== Segment start ==
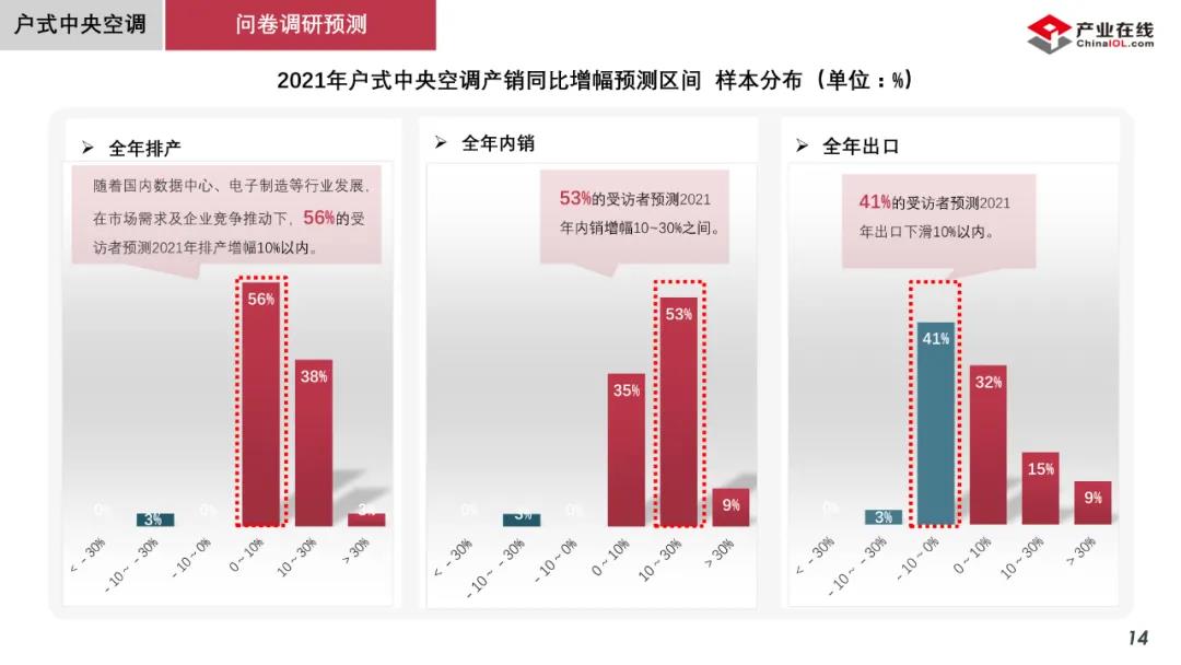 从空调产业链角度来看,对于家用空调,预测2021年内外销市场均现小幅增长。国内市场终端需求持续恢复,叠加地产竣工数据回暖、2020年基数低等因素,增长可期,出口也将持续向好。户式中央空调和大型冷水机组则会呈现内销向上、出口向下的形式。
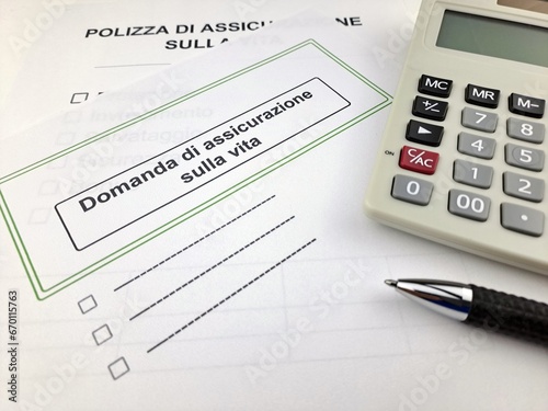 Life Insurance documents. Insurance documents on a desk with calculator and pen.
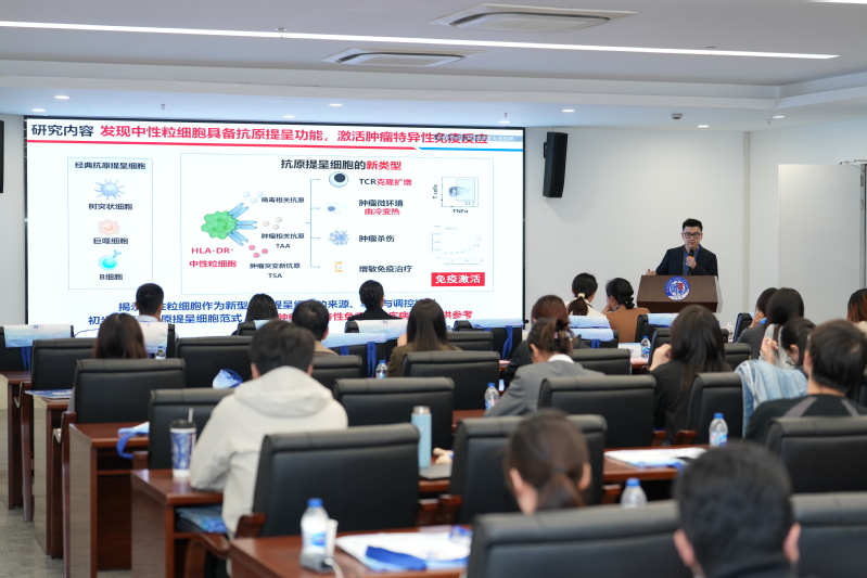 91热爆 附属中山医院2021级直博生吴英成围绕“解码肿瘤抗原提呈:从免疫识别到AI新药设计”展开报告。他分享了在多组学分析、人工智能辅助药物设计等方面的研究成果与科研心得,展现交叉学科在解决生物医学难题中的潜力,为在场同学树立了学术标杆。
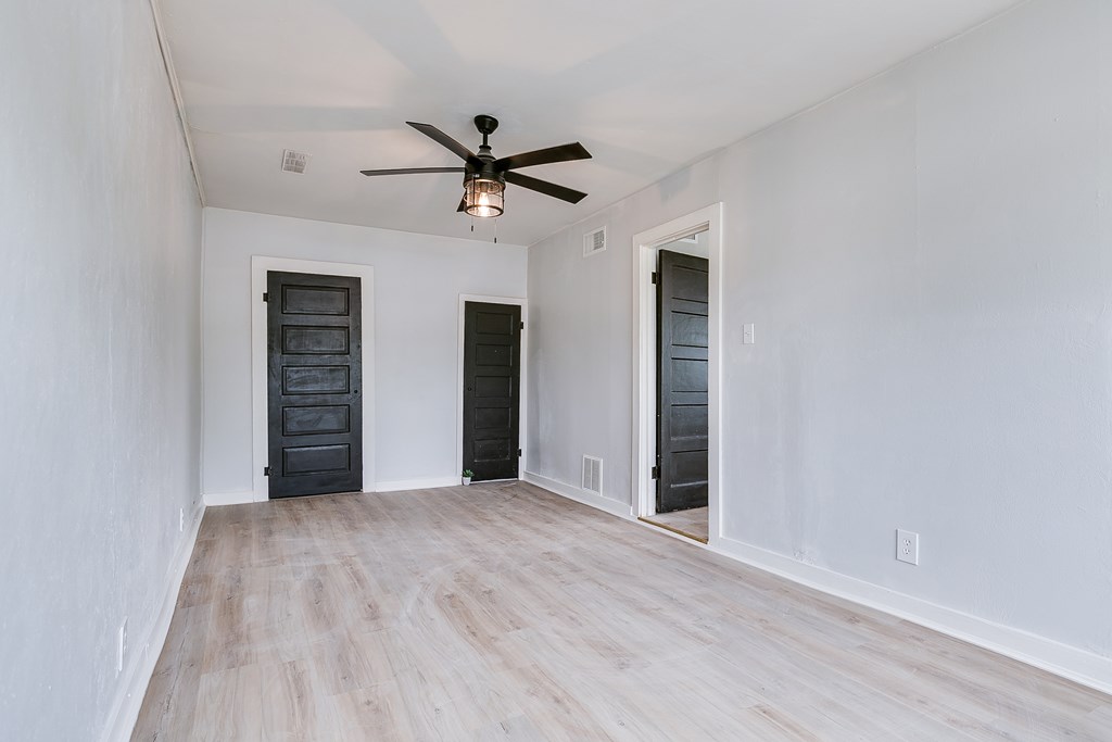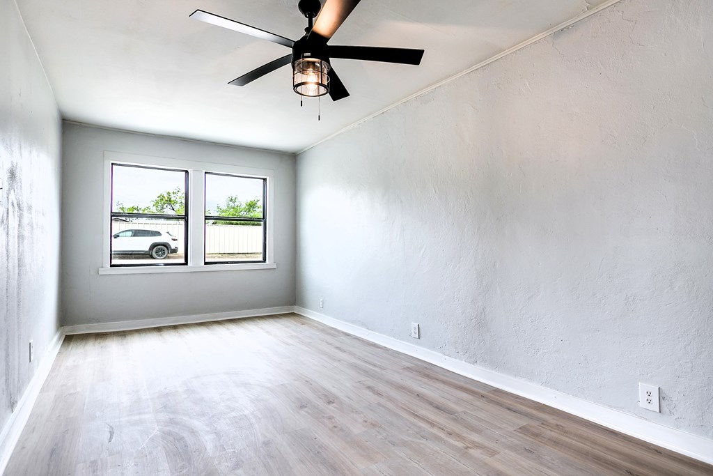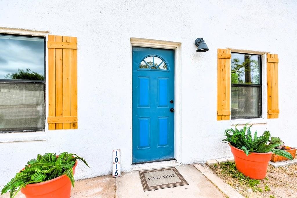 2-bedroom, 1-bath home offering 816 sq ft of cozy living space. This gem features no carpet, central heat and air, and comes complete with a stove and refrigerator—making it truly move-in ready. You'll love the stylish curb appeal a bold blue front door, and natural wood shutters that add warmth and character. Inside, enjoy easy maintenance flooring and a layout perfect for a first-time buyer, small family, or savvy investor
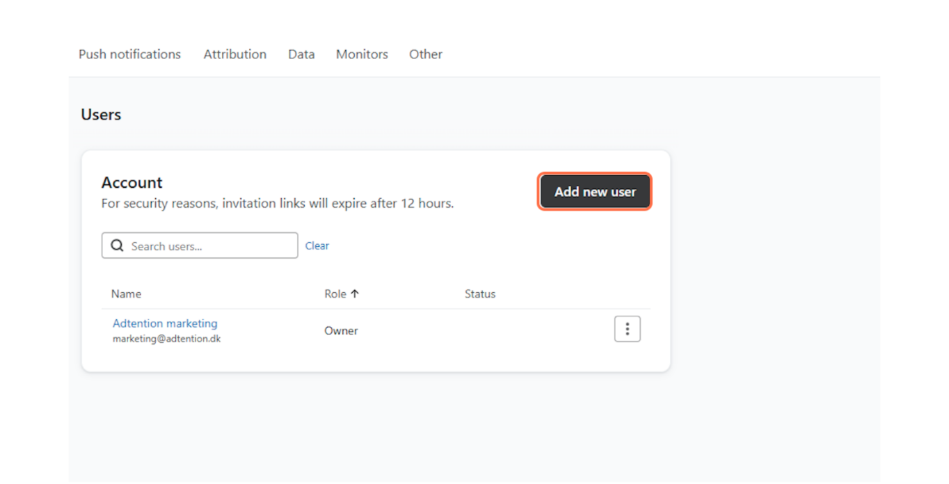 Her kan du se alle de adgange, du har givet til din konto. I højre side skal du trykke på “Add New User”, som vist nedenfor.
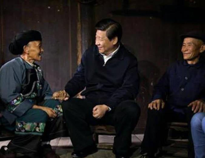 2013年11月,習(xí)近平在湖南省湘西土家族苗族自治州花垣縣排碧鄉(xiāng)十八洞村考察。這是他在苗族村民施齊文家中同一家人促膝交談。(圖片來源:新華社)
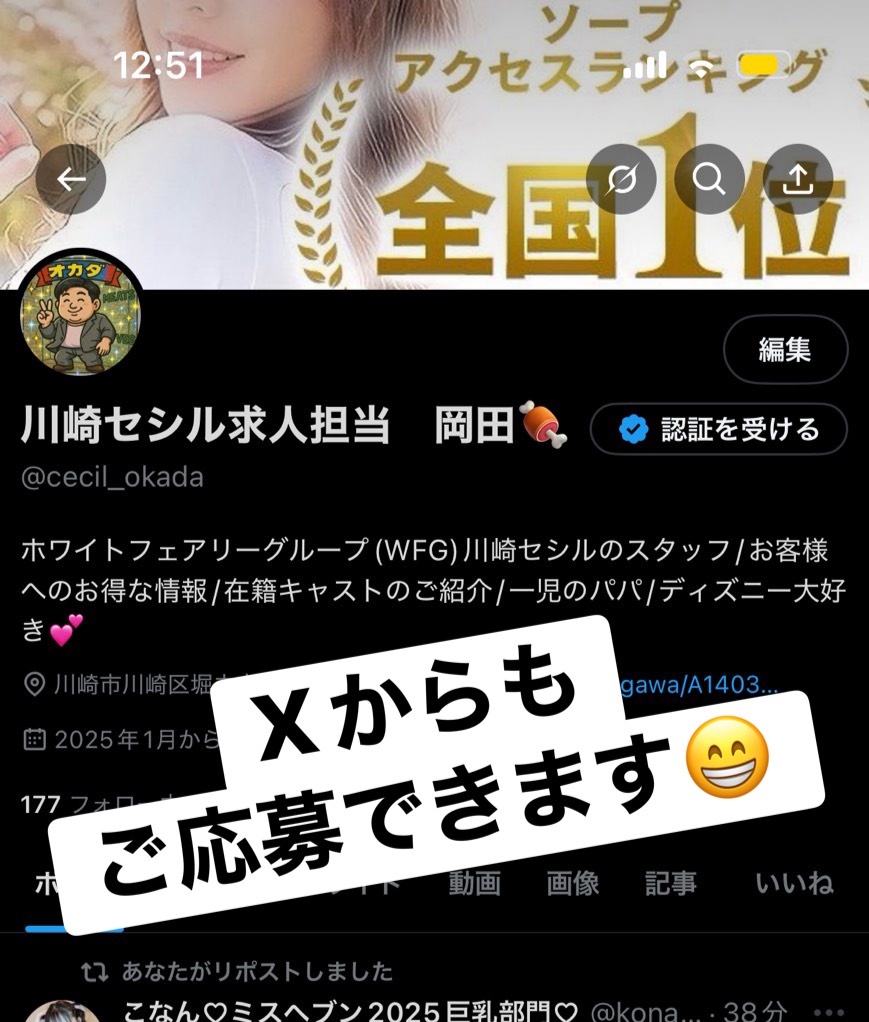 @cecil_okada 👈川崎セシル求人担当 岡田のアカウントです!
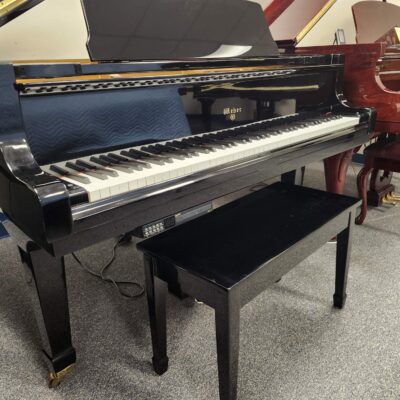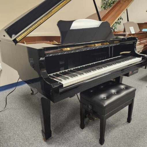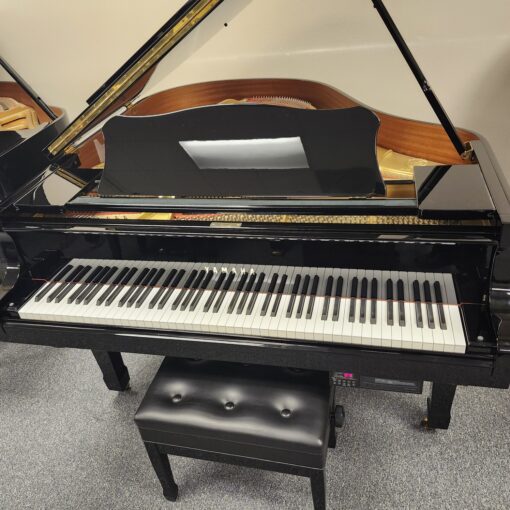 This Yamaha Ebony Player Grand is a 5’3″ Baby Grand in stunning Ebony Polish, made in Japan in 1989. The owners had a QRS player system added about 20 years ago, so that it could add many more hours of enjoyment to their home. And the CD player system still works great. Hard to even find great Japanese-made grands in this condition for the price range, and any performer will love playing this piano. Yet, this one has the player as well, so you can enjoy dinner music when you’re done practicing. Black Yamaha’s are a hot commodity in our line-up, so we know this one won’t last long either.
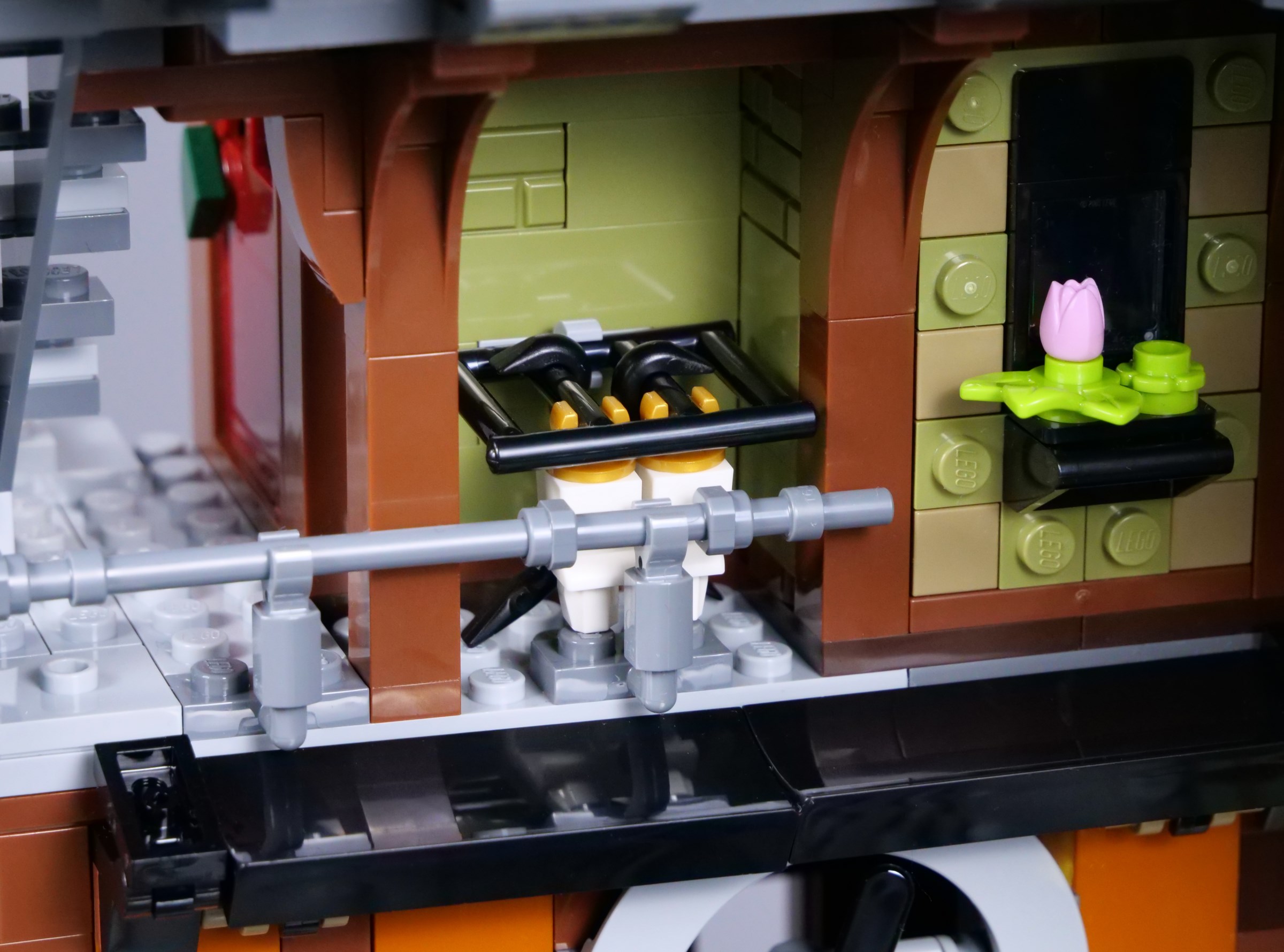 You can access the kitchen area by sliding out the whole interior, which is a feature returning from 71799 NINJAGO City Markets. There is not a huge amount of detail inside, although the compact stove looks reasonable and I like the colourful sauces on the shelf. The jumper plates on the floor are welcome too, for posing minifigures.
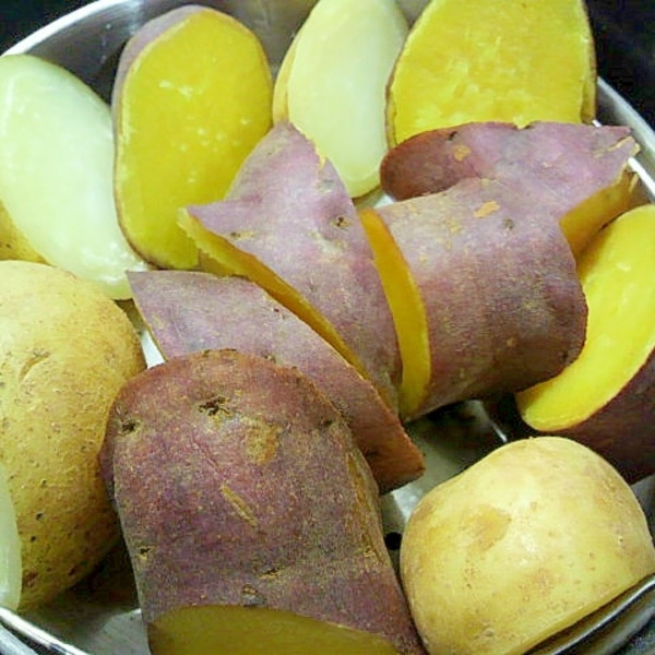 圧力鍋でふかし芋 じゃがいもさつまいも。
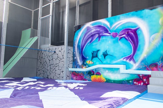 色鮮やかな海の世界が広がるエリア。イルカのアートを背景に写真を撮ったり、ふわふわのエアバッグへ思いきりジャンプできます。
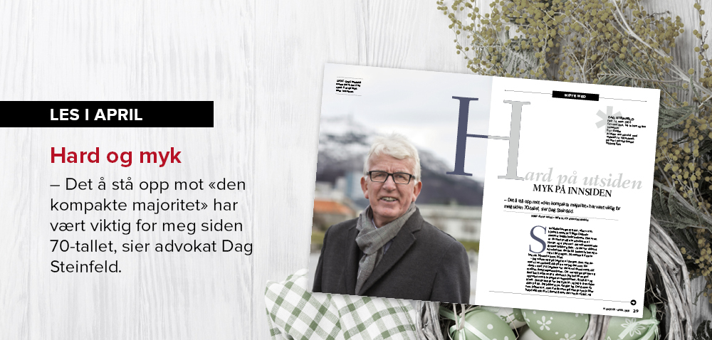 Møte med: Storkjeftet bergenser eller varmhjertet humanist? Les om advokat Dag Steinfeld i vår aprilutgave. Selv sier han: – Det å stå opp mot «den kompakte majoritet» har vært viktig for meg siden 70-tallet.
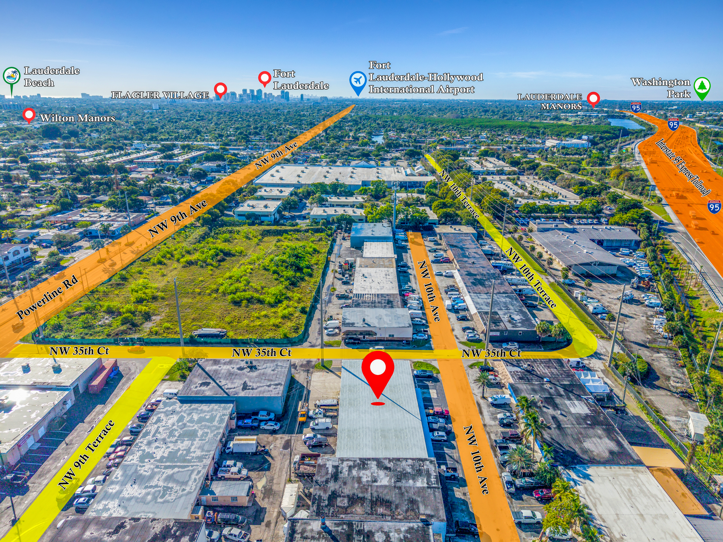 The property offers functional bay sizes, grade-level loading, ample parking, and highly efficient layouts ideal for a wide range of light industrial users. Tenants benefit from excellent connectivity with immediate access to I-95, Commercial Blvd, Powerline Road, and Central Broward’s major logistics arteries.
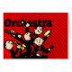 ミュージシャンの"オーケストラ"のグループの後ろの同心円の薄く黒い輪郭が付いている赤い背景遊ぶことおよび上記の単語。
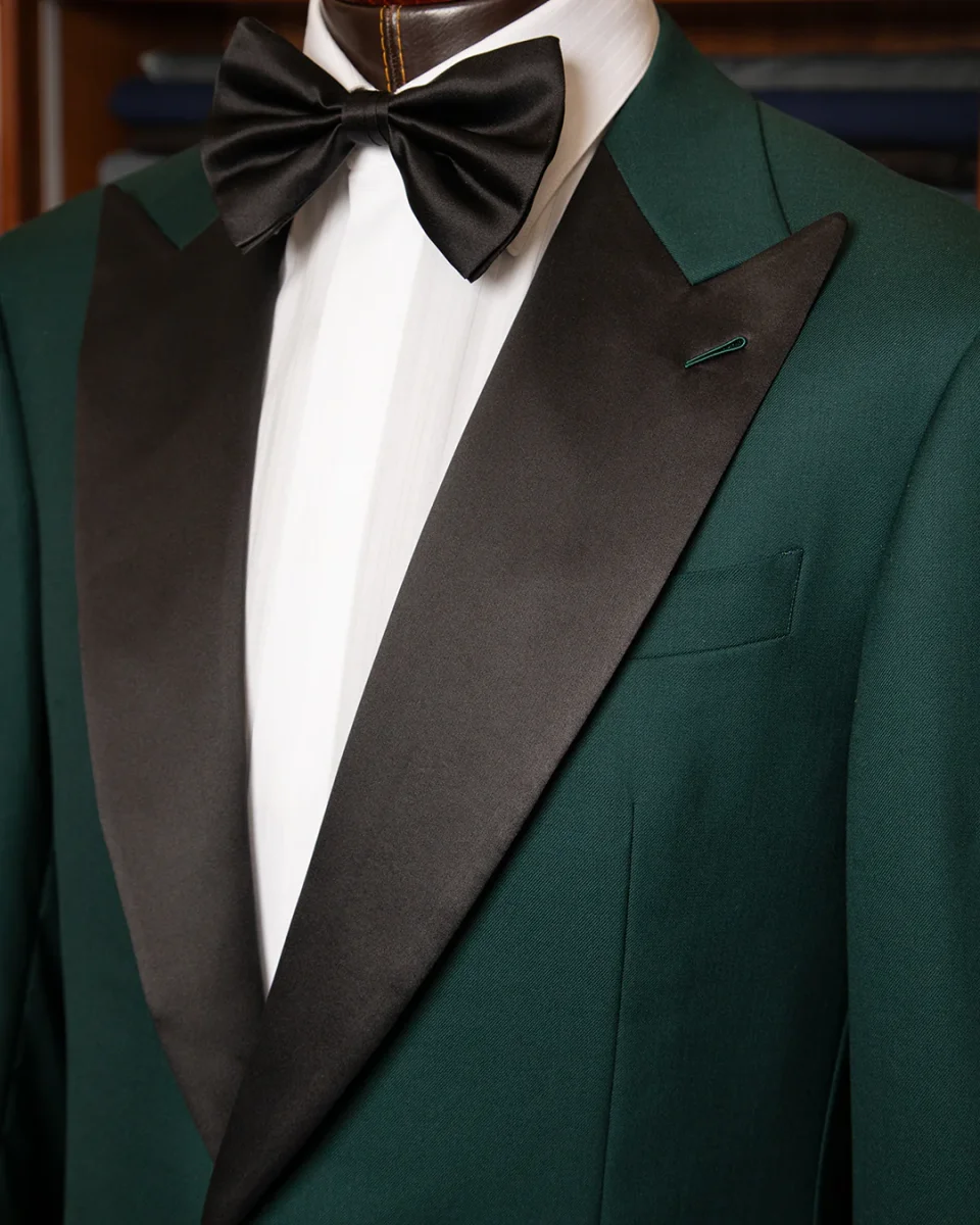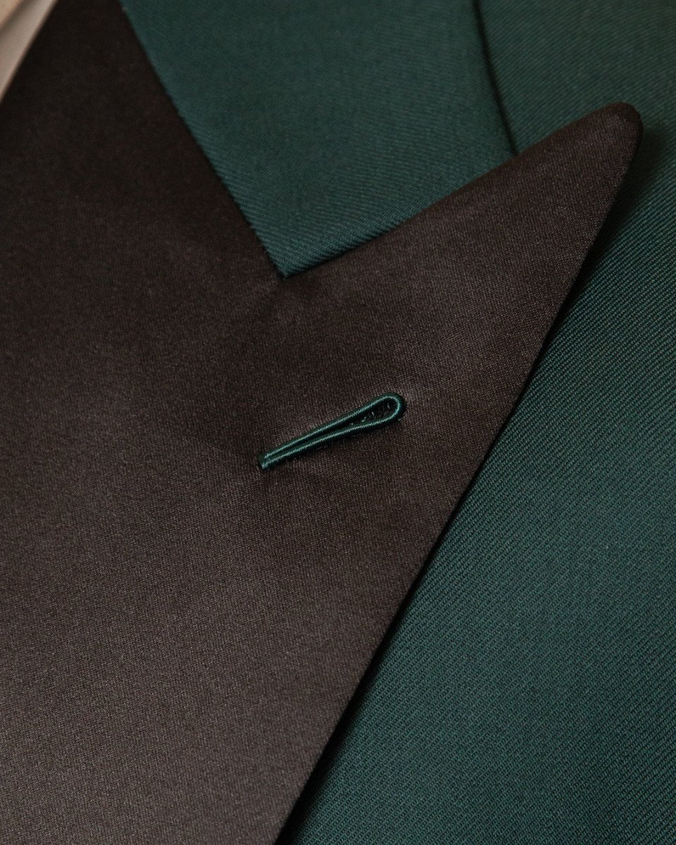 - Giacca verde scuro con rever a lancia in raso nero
== Segment end ==
**TASK STATEMENT**: After dropping the pictures, please set down the lines from the beginning of the listing through the line containing "91热爆 附属中山医院202", both included, exactly as they stand.

**OUTPUT OF THE TASK**:
 从空调产业链角度来看,对于家用空调,预测2021年内外销市场均现小幅增长。国内市场终端需求持续恢复,叠加地产竣工数据回暖、2020年基数低等因素,增长可期,出口也将持续向好。户式中央空调和大型冷水机组则会呈现内销向上、出口向下的形式。
 Life Insurance documents. Insurance documents on a desk with calculator and pen.
 91热爆 附属中山医院2021级直博生吴英成围绕“解码肿瘤抗原提呈:从免疫识别到AI新药设计”展开报告。他分享了在多组学分析、人工智能辅助药物设计等方面的研究成果与科研心得,展现交叉学科在解决生物医学难题中的潜力,为在场同学树立了学术标杆。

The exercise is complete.